11月10日に開催された「Sansan Innovation Summit 2021」では、スポーツフィールド社 高橋幸江氏が登壇。本稿では、「自分たちはテクノロジーに強い必要はない」と思っていた同社が、コロナ禍に伴う緊急事態宣言前後に取り組んだデジタルシフトについて語った内容をレポートする。

アナログであることが誇りの企業が直面した課題

体育会系出身者やスポーツ経験者に特化した人材サービス業を展開するスポーツフィールド社は、社員自身も全員”スポーツ人材”である点を特長とする。高橋氏は「(スポーツと同様に)試合の流れを読んで、チームメイトを信頼し、ベストなパスを送ることが仕事でもできている」と、社風について語る。だからこそ「テクノロジーに強い必要はない。
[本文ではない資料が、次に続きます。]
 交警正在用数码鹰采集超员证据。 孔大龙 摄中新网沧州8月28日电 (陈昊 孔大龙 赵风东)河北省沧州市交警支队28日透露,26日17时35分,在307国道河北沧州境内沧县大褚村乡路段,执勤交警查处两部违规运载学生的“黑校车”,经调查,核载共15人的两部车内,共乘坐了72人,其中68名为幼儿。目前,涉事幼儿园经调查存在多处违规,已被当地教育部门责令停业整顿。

むしろアナログであることを誇りにすら思ってきた」(高橋氏)のだ。

スポーツフィールド社 高橋幸江氏

スポーツフィールド社 高橋幸江氏

そんな同社では2014年にSansanの名刺管理ツールを導入したが、その利用は一部に限られていた。しかし従業員数の増加に伴い、2019年の秋頃から名刺の読み取りに超過費用が発生するようになり、利用状況とコストの妥当性について検証が始まったのだという。これと並行して取り組んでいたのが、顧客企業のデータ整備だ。高橋氏は、「”正”となるデータがない状態だった」と当時を振り返る。
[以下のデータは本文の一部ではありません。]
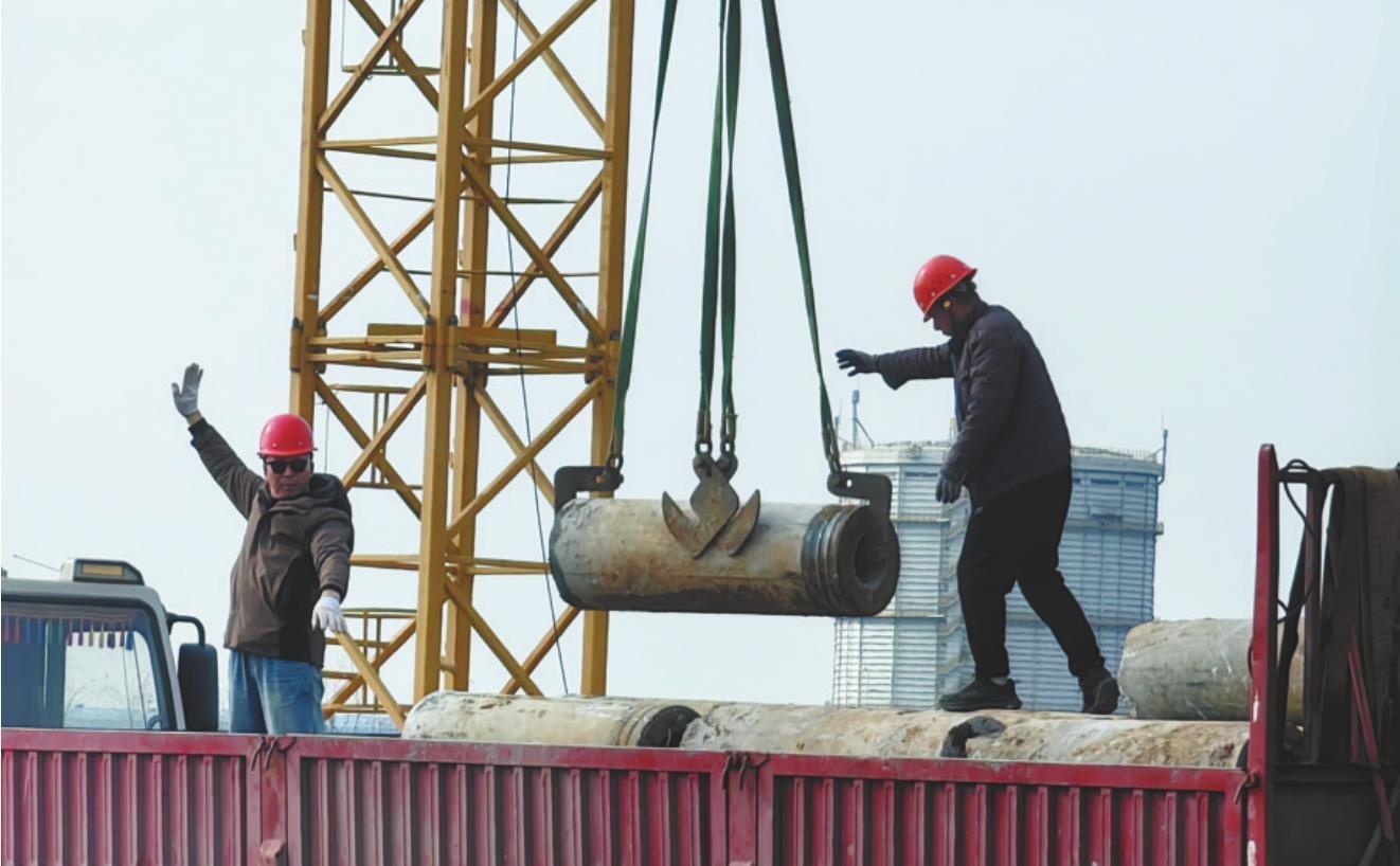 “工地现有工人将近200人,这几天两班倒,晚上干到十一二点。”近200名施工人员分散作业,现场各项建设有序推进,4315根管桩施工已全部完工,5台塔吊就位待命,1500吨钢筋、50余台施工机械悉数进场。

加えて、「契約書の原本では企業の情報変更に対応できない」「従来、用途別にデータを管理していたため、項目の不一致や不足がある」といった課題も浮上していた。これらの解決策として挙がったのは「皆でデータをきれいにしていく」アナログ解決か、数千万円のコストをかけてデータ処理を行う方法である。しかし、いずれにせよ完璧な状態にしていくのは難しいと判断し、一部で導入した後うまく活用できていなかった名刺管理ツールと再度向き合うことにした。高橋氏はその理由を「過去データの照合と、新規発生データの登録の二軸で運用することが可能だったから」だと語る。新規のデータは名刺を”正”とし、2014年から蓄積していた過去のデータは帝国データバンクのデータを”正”として照合することにより、顧客企業のデータ整備の道筋が見えたのだ。こうして、スポーツフィールド社は2020年4月、緊急事態宣言下でSansanの全社導入を行った。